Kekerasan terhadap perempuan secara garis besar (pada umumnya) terjadi melalui konsep adanya kontrol atas diri perempuan, baik terhadap pribadinya, kelembagaan, simbolik, dan materi. Dengan demikian, ketika hubungan antar jenis kelamin dikonstruk melalui hubungan dominasi-subordinasi, maka perempuan berposisi sebagai pihak yang diatur laki-laki.49
49 http://ditjenpp.kemenkumham.go.id/hukum-pidana/647-kekerasan-dalam-rumah-tangga-kdrt-persoalan-privat-yang-jadi-persoalan-publik.html. diakses tanggal 15 November 2019 pukul 18.59 WIB.

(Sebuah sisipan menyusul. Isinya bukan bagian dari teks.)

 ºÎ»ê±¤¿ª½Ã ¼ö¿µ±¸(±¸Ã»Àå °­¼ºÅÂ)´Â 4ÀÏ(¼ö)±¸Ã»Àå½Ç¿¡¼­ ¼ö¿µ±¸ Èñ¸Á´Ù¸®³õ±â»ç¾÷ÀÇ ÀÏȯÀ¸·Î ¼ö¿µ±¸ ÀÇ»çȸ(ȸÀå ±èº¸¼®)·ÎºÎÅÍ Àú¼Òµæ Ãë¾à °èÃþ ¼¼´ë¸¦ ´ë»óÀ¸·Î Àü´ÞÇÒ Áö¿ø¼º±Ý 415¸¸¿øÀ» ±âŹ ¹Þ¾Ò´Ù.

Secara legal formal, di Indonesia UU P-KDRT mulai diberlakukan sejak tahun 2004. Misi dari undang-undang ini adalah sebagai upaya bagi penghapusan KDRT. Dengan adanya ketentuan ini, berarti negara bisa berupaya mencegah terjadinya kekerasan dalam rumah tangga, menindak pelaku KDRT, dan melindungi korban akibat KDRT.
Sebagai undang-undang yang membutuhkan pengaturan khusus, selain berisikan pengaturan tentang sanksi terhadap pelaku KDRT, undang-undang ini juga mengatur tentang kewajiban negara dalam memberikan perlindungan segera kepada korban yang melapor. Dengan demikian, bisa dikatakan bahwa ketentuan ini merupakan terobosan hukum yang sangat penting bagi upaya penegakan HAM, khususnya perlindungan terhadap perempuan yang selama ini di rugikan dalam sebuah tatanan keluarga atau rumah tangga.
Perlindungan yang diharapkan oleh korban adalah perlindungan yang dapat memberikan rasa adil, terutama bagi korban. Kekerasan dalam rumah tangga yang mayoritas korbannya adalah perempuan pada prinsipnya merupakan salah satu fenomena pelanggaran HAM sehingga masalah ini adalah suatu bentuk diskriminasi, khususnya terhadap perempuan dan merupakan suatu kejahatan yang korbannya perlu mendapat perlindungan baik dari aparat pemerintah maupun masyarakat.